World TB Day is March 24. This annual event commemorates the date in 1882 when Dr. Robert Koch announced his discovery of Mycobacterium tuberculosis, the bacteria that cause tuberculosis.
"Although preventable and treatable, malaria, tuberculosis and human immunodeficiency virus together kill more than 5 million people annually," said Thomas R. Frieden, director of the CDC.
"The burden of these diseases can be reduced -- but only with increased governmental and nongovernmental resources, effective public- private partnerships, and strengthened disease-specific and general health systems."
World TB Day provides an opportunity to communicate TB-related problems and solutions and to support worldwide TB-control efforts.
The 2010 World TB Day campaign is focused on individuals around the world who have found new ways to stop TB and can serve as an inspiration to others.
The idea is to recognize people who have introduced a variety of innovations in a variety of settings: research aimed at developing new diagnostics, drugs or vaccines; operational research, aimed at making TB care more effective and efficient; new approaches to helping people gain access to TB diagnosis and treatment; novel partnerships between actors in the fight against TB; advances in integrating TB care into health systems; new approaches to providing support from members of the community to people affected by TB; and innovative ways of raising awareness about TB.
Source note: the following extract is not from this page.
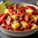 Strawberry Pineapple Salsa is a vibrant, fresh, and tropical treat that combines the sweetness of strawberries and pineapple with zesty lime juice, fresh herbs, and a hint of spice. This colorful salsa is perfect as a dip for chips, a topping for grilled fish or chicken, or a flavorful addition to tacos and salads. Each bite delivers a refreshing balance of sweet, tangy, and slightly spicy flavors, making it an irresistible choice for summer gatherings, picnics, or casual snacks.
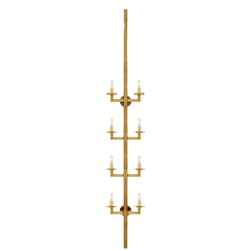 Update your living space with Kelly Wearstler's Liaison Statement Sconce by Visual Comfort. The Liaison features a long, vertical style - simple yet sophisticated. This fixture showcases an Antique-Burnished Brass finish and no glass - Simply bare light bulbs. The Liaison requires eight 60W maximum candelabra base C11 light bulb. Clear or vintage bulbs are recommended. This fixture is rated for Damp Location.

The Centers for Disease Control and its partners are committed to eliminating TB in the United States. In the United States, the theme for World TB Day 2010 is "TB elimination: Together We Can!"
The CDC and its domestic and international partners, including the National TB Controllers Association, Stop TB USA and the global Stop TB Partnership are taking many steps to prevent further spread of TB and to reduce the overall burden of the disease. Efforts range from developing new treatment regimens and increasing the capacity of health professionals to provide adequate treatment, to issuing new recommendations for improved testing and treatment for U.S. immigrants.
Because many people are not aware of the impact of TB, local coalitions in many states and countries are convening educational and awareness activities related to World TB Day.